According to unidentified experts quoted in the elucidation, the average tax revenue – currently around 19.5 percent of gross domestic product (GDP) – should over time increase by 3 percent due to increased tax compliance, thus generating an additional 50 million guilders in revenue.

Based on a recovering economy, increased tax compliance and measures to increase revenue and to cut costs, the government expects to increase revenue from 19.5 to 27.6 percent of GDP by 2022.

While the budget will still show a deficit in 2019 (67.2 million) and 2020 (10.9 million), the government plans should lead to structural surpluses starting in 2021 (41.6 million) and 2022 (65.8 million).

The government expects to achieve these objectives by increasing revenue and keeping expenditures under control. Bases on the numbers presented in the draft budget, revenue is projected to increase by 33.9 percent to slightly over 551 million by 2022, while over the same period expenditures are projected to increase by just 13.4 percent to 485.2 million guilders.

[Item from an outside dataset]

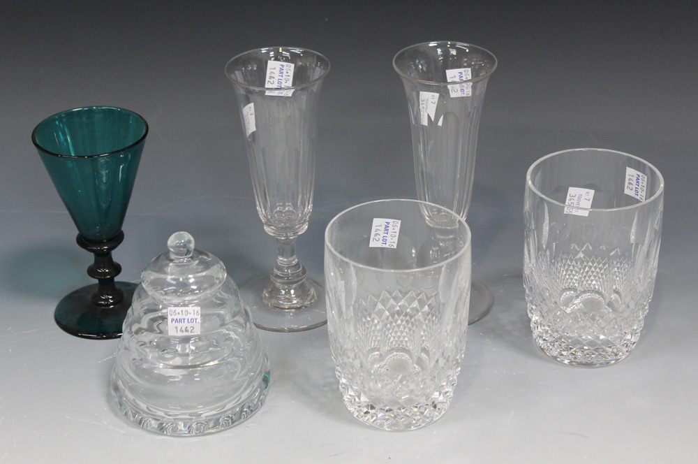 A Bristol green wine glass, early 19th Century, with conical bowl and bladed knop stem on a circular foot, height approx 13cm, together with two cut glass champagne flutes, early 19th Century, each on a circular foot, two Waterford crystal tumblers and a glass honeypot of skep form.

For the current budget year the government expects to bring in 3 million more in revenue and to decrease expenditures by 2.5 million.

That additional revenue is not going to come from measures that will affect ordinary citizens. “The population cannot be affected in an unreasonable way; we prefer to target tax payers who do not play by the rules.”

Starting in 2020, the government wants to force each ministry to cut their expenditures each year by 1.5 percent. This means for example for the ministry with the largest budget – Education, Culture, Youth and Sport – that it will have to find ways to bring its 123.4 million current budget down by more than 1,851,000 guilders next year.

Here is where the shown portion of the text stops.